Data Scientist
$95,000
avg. annual salary
Data Analyst
pays more on average
Data Analyst
$97,844
avg. annual salary
As the demand for data-driven decision-making continues to grow, positions like Data Scientist and Data Analyst are becoming increasingly vital across various industries. While both roles are integral to interpreting and leveraging data, significant differences exist in their responsibilities, salaries, and career trajectories. In this guide, we will compare the salaries of Data Scientists and Data Analysts, delve into their benefits, and outline potential career paths. Knowing these differences can help you make an informed decision about which career path aligns best with your skills and aspirations. Whether you are considering a career in data or are simply curious about the industry, this comprehensive comparison will provide valuable insights into these key roles in the data landscape. Let's dive in to uncover the details.
Salary by Experience Level
starting salary
starting salary
avg. difference (3%)
Average Salary Overview
In 2025, the average salary for a Data Scientist is approximately $120,000, while a Data Analyst earns about $85,000. Although both roles offer attractive salaries, the disparity reflects the level of expertise and advanced skills required for Data Scientists.
Entry-level positions for Data Analysts can start at around $60,000, whereas Data Scientists in entry roles may begin with salaries around $90,000. As you gain experience and specialize in your respective field, salaries can increase significantly, making both careers financially rewarding.
Salary Range by Experience Level
The salary ranges for these two roles vary greatly by experience. Entry-level Data Analysts can earn between $60,000 and $75,000, while entry-level Data Scientists typically range from $90,000 to $105,000.
Mid-level Data Analysts, with 3-5 years of experience, can expect salaries between $75,000 and $100,000. On the other hand, mid-level Data Scientists can earn between $105,000 and $140,000.
Senior-level professionals see even larger differences, with Data Analysts earning up to $120,000 and Data Scientists often making around $150,000 or more.
Benefits and Perks
Both Data Scientists and Data Analysts enjoy competitive benefits packages, which may include health insurance, retirement plans, and paid time off. However, Data Scientists may receive additional perks, such as bonuses or stock options, reflecting their advanced skill set and impact on business decisions.
Furthermore, opportunities for remote work and flexible schedules are increasingly common in both fields, catering to the needs of modern professionals.
Career Paths and Advancement Opportunities
The career paths for Data Scientists and Data Analysts also vary significantly. Data Analysts often transition into senior analyst roles or specialize further into niche areas such as business intelligence or data visualization.
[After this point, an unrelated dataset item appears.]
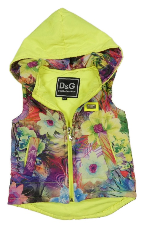 Barevná květovaná šusťáková zateplená vesta s kapucí Dolce&Gabbana

In contrast, Data Scientists are more likely to move into leadership positions such as Data Science Manager, Chief Data Officer, or even transition into specialized fields like machine learning engineering. Continuous learning and specialization are crucial for advancement in both careers, but Data Scientists may require a higher level of ongoing education due to the complexity of their work.
Key Takeaways
When comparing the salaries and benefits of Data Scientists and Data Analysts, several key points emerge: Data Scientists generally earn higher salaries, especially as they advance in their careers, and they possess a broader skill set that often includes programming and statistical analysis. Data Analysts, while earning less on average, often have a more straightforward career path and are integral to data reporting and analytics.
Understanding these distinctions can help you choose the right career based on your interests, strengths, and financial goals.
Detailed comparison
2025 medians: Data Scientist ≈ $120,000 vs Data Analyst ≈ $70,000 — about 71% higher for scientists. Scientists earn $100k–$180k; analysts $50k–$110k.
- •Role focus: scientists build models, run experiments; analysts produce dashboards and reports.
- •Skills: scientists — Python, ML, statistics; analysts — SQL, Excel, Tableau/Power BI.
- •Industries: tech and finance pay +10–30% versus education or government.
Career paths: senior scientist ≥ $150k; senior analyst ≈ $90k.
- •To boost pay: gain ML and statistics (target 6–12 months).
- •For quick entry: master SQL + Tableau and ask for $5k–10k raises after 12 months.